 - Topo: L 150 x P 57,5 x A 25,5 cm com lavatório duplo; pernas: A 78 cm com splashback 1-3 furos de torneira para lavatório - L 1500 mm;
==
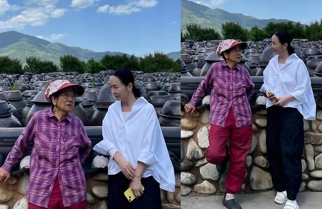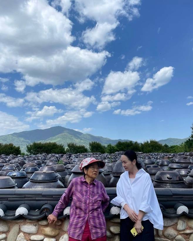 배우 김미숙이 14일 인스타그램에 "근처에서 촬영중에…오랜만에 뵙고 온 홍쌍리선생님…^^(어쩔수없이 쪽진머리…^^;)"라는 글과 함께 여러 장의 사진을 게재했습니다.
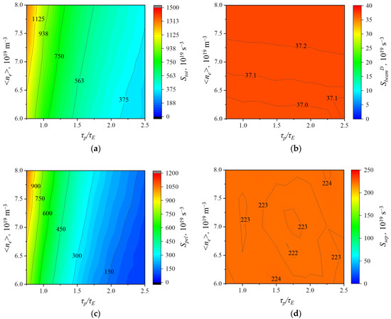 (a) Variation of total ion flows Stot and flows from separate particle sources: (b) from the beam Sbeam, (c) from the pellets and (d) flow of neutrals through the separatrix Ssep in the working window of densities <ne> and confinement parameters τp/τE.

EXERCISE REQUIREMENTS: Pictures in the material above should be skipped; print exactly the lines from the one with "배우 김미숙이 14일" through the one with "(a) Variation of".

EXPECTED ANSWER:
 배우 김미숙이 14일 인스타그램에 "근처에서 촬영중에…오랜만에 뵙고 온 홍쌍리선생님…^^(어쩔수없이 쪽진머리…^^;)"라는 글과 함께 여러 장의 사진을 게재했습니다.
 (a) Variation of total ion flows Stot and flows from separate particle sources: (b) from the beam Sbeam, (c) from the pellets and (d) flow of neutrals through the separatrix Ssep in the working window of densities <ne> and confinement parameters τp/τE.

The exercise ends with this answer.